* Exercise details *
In your copy, reproduce the entries exactly as they are, minus the images.
===== Data extracts
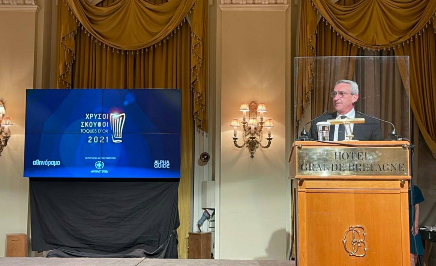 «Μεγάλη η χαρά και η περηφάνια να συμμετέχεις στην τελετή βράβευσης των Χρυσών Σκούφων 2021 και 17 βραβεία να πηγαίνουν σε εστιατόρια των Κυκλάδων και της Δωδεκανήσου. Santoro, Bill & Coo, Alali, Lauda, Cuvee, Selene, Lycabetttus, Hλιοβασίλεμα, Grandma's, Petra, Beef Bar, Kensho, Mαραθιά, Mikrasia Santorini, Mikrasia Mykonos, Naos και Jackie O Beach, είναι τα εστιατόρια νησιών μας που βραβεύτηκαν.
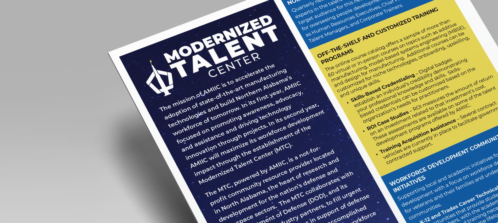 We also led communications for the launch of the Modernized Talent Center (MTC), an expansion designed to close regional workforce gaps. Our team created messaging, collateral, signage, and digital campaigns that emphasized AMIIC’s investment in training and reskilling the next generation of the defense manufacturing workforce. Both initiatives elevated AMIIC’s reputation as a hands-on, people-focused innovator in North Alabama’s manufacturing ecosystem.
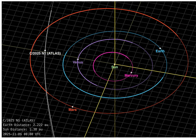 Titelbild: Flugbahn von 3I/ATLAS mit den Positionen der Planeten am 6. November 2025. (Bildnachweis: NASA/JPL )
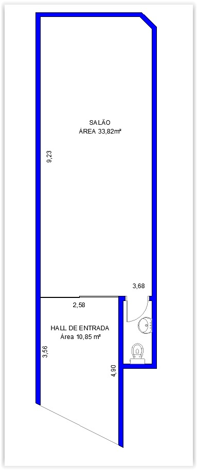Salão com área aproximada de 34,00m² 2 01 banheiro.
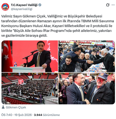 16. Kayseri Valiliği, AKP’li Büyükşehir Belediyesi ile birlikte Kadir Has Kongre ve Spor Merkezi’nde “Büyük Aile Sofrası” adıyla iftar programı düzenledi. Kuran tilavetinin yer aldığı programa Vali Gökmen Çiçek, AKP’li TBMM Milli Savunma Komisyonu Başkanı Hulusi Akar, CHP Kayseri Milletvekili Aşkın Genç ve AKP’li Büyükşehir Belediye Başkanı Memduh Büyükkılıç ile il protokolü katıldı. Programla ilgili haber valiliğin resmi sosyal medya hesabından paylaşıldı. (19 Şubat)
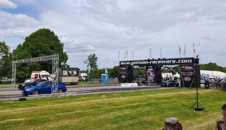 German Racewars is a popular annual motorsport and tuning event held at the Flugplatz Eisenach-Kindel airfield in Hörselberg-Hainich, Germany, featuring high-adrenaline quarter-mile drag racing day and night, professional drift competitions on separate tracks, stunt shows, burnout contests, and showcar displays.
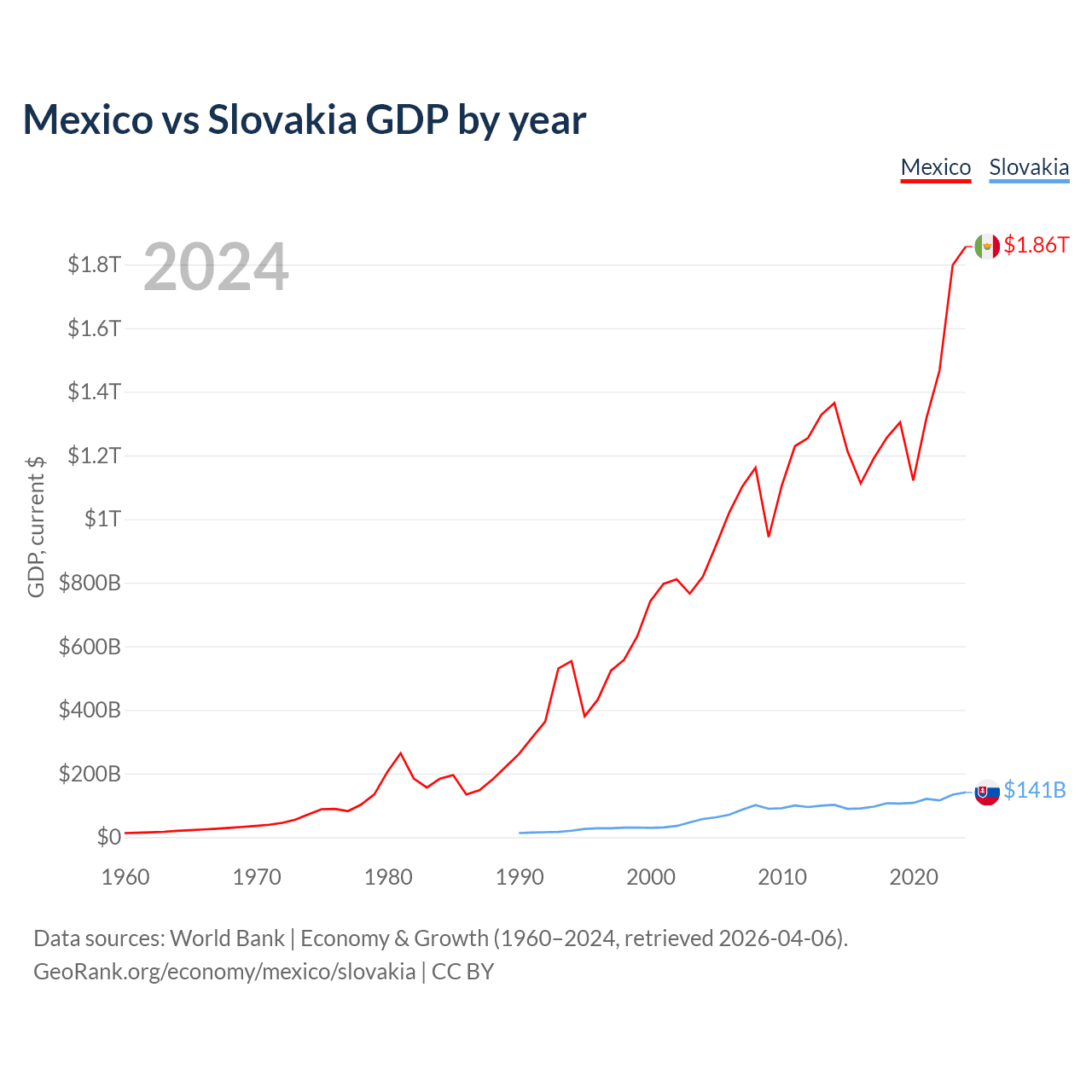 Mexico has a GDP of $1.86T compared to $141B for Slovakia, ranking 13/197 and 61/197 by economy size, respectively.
==========
* Problem solution *
 «Μεγάλη η χαρά και η περηφάνια να συμμετέχεις στην τελετή βράβευσης των Χρυσών Σκούφων 2021 και 17 βραβεία να πηγαίνουν σε εστιατόρια των Κυκλάδων και της Δωδεκανήσου. Santoro, Bill & Coo, Alali, Lauda, Cuvee, Selene, Lycabetttus, Hλιοβασίλεμα, Grandma's, Petra, Beef Bar, Kensho, Mαραθιά, Mikrasia Santorini, Mikrasia Mykonos, Naos και Jackie O Beach, είναι τα εστιατόρια νησιών μας που βραβεύτηκαν.
 We also led communications for the launch of the Modernized Talent Center (MTC), an expansion designed to close regional workforce gaps. Our team created messaging, collateral, signage, and digital campaigns that emphasized AMIIC’s investment in training and reskilling the next generation of the defense manufacturing workforce. Both initiatives elevated AMIIC’s reputation as a hands-on, people-focused innovator in North Alabama’s manufacturing ecosystem.
 Titelbild: Flugbahn von 3I/ATLAS mit den Positionen der Planeten am 6. November 2025. (Bildnachweis: NASA/JPL )
Salão com área aproximada de 34,00m² 2 01 banheiro.
 16. Kayseri Valiliği, AKP’li Büyükşehir Belediyesi ile birlikte Kadir Has Kongre ve Spor Merkezi’nde “Büyük Aile Sofrası” adıyla iftar programı düzenledi. Kuran tilavetinin yer aldığı programa Vali Gökmen Çiçek, AKP’li TBMM Milli Savunma Komisyonu Başkanı Hulusi Akar, CHP Kayseri Milletvekili Aşkın Genç ve AKP’li Büyükşehir Belediye Başkanı Memduh Büyükkılıç ile il protokolü katıldı. Programla ilgili haber valiliğin resmi sosyal medya hesabından paylaşıldı. (19 Şubat)
 German Racewars is a popular annual motorsport and tuning event held at the Flugplatz Eisenach-Kindel airfield in Hörselberg-Hainich, Germany, featuring high-adrenaline quarter-mile drag racing day and night, professional drift competitions on separate tracks, stunt shows, burnout contests, and showcar displays.
 Mexico has a GDP of $1.86T compared to $141B for Slovakia, ranking 13/197 and 61/197 by economy size, respectively.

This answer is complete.